▶ [EXERCISE INPUTS]
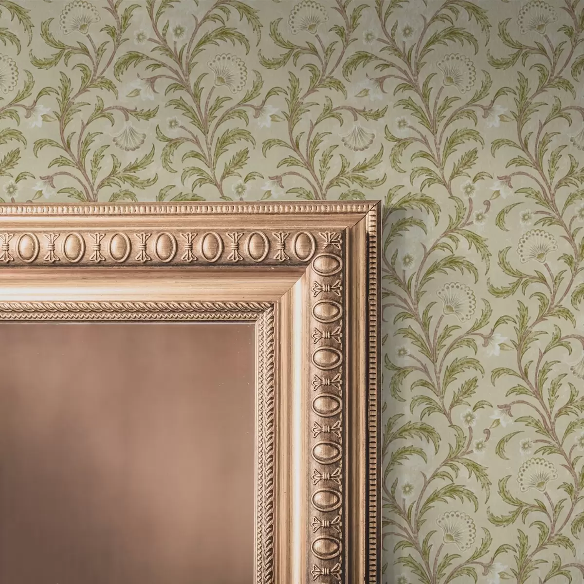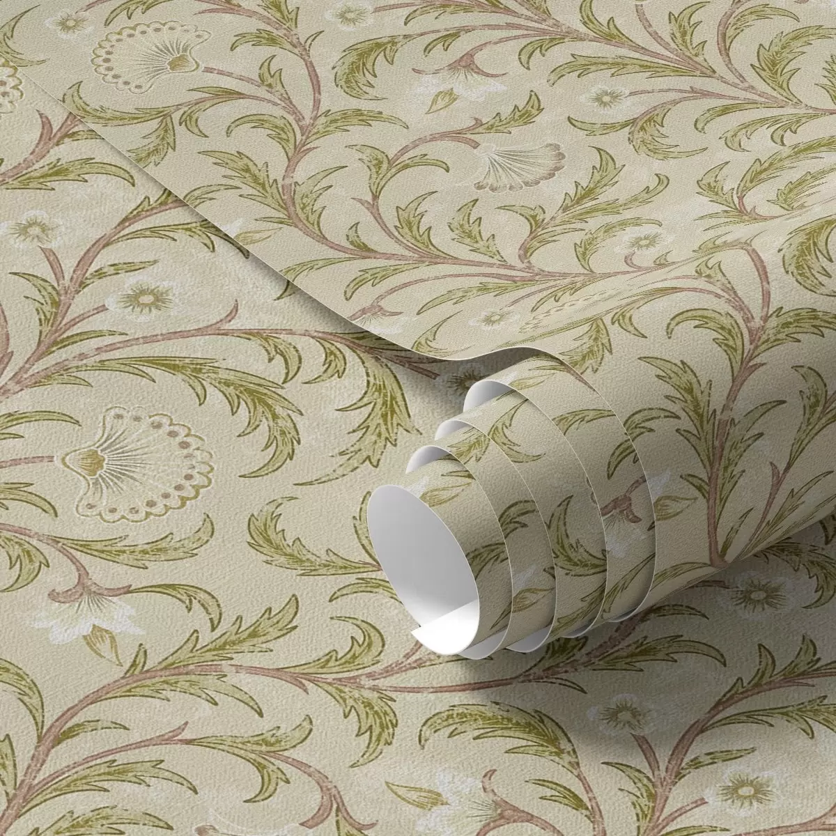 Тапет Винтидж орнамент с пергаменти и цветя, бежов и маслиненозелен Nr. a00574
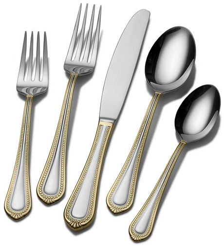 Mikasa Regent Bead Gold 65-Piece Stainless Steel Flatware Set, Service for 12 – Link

==

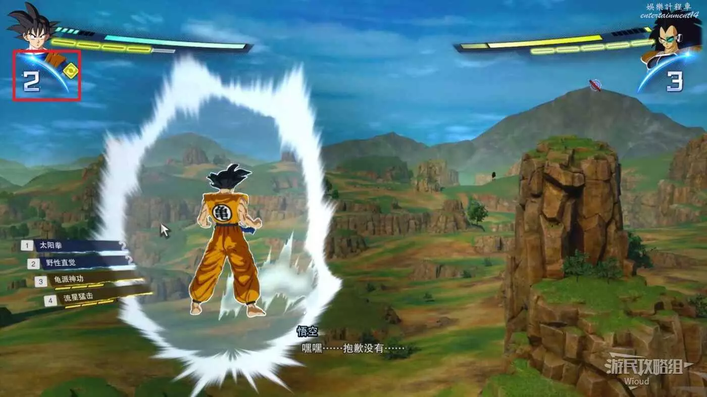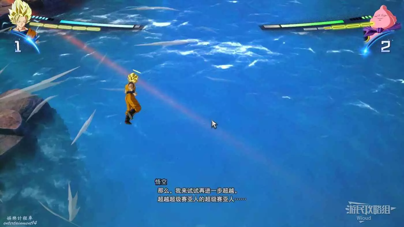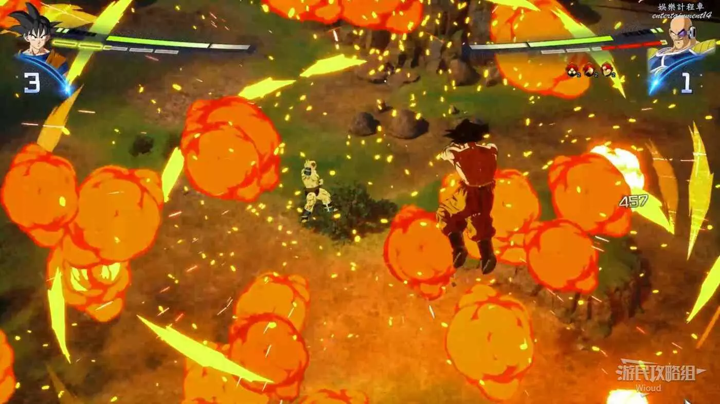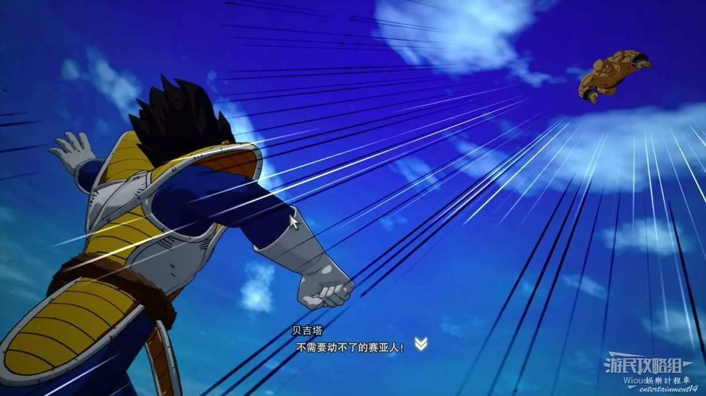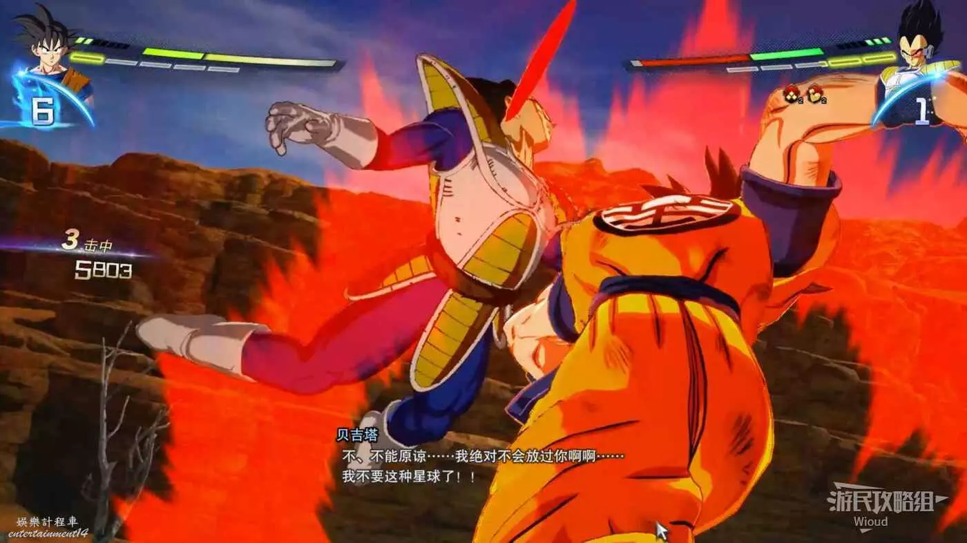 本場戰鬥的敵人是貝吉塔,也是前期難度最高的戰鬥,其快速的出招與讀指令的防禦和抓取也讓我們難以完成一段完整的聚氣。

▶ [INSTRUCTIONS FOR THE TASK]
Restate the lines above from the one containing "Тапет Винтидж орнамент" through the one containing "Mikasa Regent Bead", inclusive, exactly and without pictures.

▶ [RESULT FOR THIS TASK]
 Тапет Винтидж орнамент с пергаменти и цветя, бежов и маслиненозелен Nr. a00574
 Mikasa Regent Bead Gold 65-Piece Stainless Steel Flatware Set, Service for 12 – Link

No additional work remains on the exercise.